__DATASET RECORDS__.
══════

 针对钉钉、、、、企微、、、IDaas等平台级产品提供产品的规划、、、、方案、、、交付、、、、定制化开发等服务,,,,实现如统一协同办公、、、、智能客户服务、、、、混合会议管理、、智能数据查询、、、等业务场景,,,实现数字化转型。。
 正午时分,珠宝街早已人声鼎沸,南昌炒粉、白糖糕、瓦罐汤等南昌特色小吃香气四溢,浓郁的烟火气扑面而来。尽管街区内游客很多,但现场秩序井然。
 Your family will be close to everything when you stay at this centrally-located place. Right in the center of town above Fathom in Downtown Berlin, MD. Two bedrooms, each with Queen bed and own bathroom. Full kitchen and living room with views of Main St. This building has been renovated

══════

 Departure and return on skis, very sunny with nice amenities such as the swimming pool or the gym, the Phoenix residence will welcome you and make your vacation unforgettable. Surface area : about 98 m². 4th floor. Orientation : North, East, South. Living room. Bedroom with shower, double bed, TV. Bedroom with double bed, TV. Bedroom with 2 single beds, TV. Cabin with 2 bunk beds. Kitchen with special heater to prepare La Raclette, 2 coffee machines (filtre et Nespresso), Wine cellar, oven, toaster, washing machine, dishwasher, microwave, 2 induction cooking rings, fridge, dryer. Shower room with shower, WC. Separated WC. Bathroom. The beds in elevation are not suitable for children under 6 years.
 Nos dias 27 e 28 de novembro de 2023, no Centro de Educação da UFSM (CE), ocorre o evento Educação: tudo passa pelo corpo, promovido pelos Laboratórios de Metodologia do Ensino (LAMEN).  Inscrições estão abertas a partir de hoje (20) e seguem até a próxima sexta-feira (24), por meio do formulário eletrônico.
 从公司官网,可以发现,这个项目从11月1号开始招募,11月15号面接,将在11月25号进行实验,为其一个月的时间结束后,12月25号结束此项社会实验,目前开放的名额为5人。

══════

What is needed is an exact copy of the lines above, from the one containing "针对钉钉、、、、企微、、、I" through the one containing "Your family will", with nothing added.

__OUTPUT BELOW__.
 针对钉钉、、、、企微、、、IDaas等平台级产品提供产品的规划、、、、方案、、、交付、、、、定制化开发等服务,,,,实现如统一协同办公、、、、智能客户服务、、、、混合会议管理、、智能数据查询、、、等业务场景,,,实现数字化转型。。
 正午时分,珠宝街早已人声鼎沸,南昌炒粉、白糖糕、瓦罐汤等南昌特色小吃香气四溢,浓郁的烟火气扑面而来。尽管街区内游客很多,但现场秩序井然。
 Your family will be close to everything when you stay at this centrally-located place. Right in the center of town above Fathom in Downtown Berlin, MD. Two bedrooms, each with Queen bed and own bathroom. Full kitchen and living room with views of Main St. This building has been renovated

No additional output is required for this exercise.